= Given information =
☆ ☆ ☆ ☆

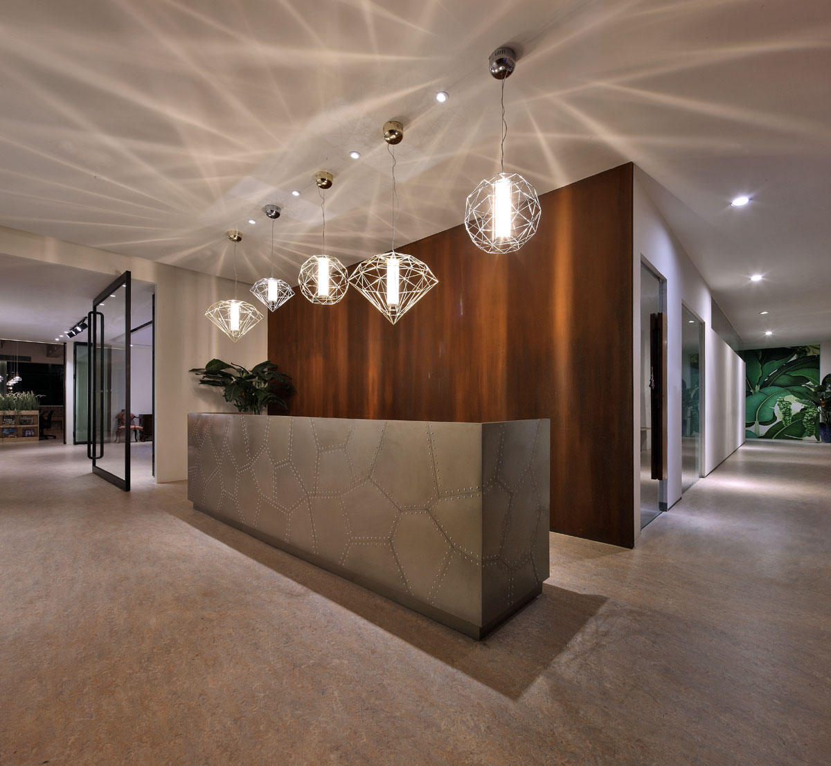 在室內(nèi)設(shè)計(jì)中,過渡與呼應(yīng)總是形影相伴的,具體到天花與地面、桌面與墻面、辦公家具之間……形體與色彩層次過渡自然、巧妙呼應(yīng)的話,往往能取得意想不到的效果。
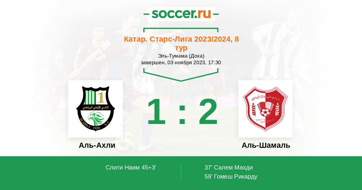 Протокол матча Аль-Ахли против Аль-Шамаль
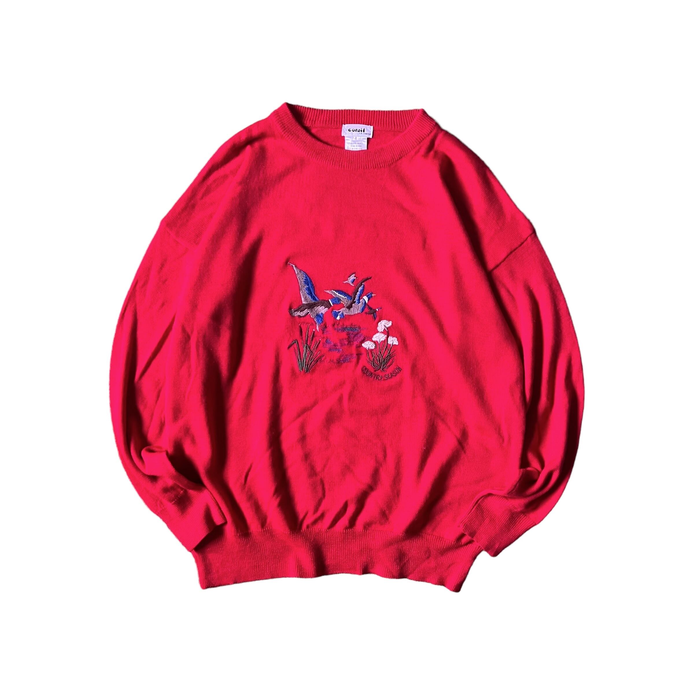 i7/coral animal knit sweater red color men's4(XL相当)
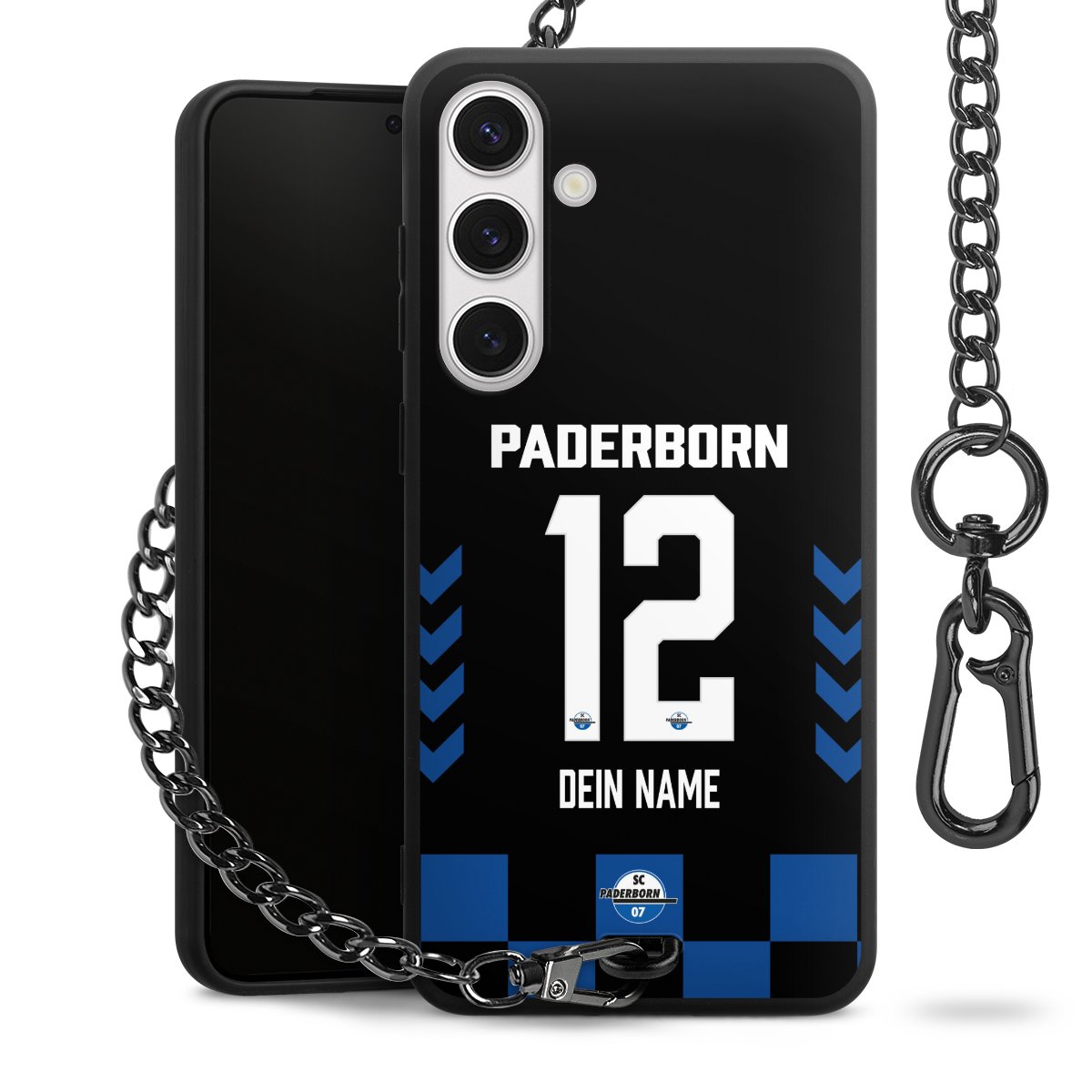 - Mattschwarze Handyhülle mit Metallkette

☆ ☆ ☆ ☆

= Task prompt =
An exact transcription of the data above is needed, without the pictures.

= Output of the task =
 在室內(nèi)設(shè)計(jì)中,過渡與呼應(yīng)總是形影相伴的,具體到天花與地面、桌面與墻面、辦公家具之間……形體與色彩層次過渡自然、巧妙呼應(yīng)的話,往往能取得意想不到的效果。
 Протокол матча Аль-Ахли против Аль-Шамаль
 i7/coral animal knit sweater red color men's4(XL相当)
 - Mattschwarze Handyhülle mit Metallkette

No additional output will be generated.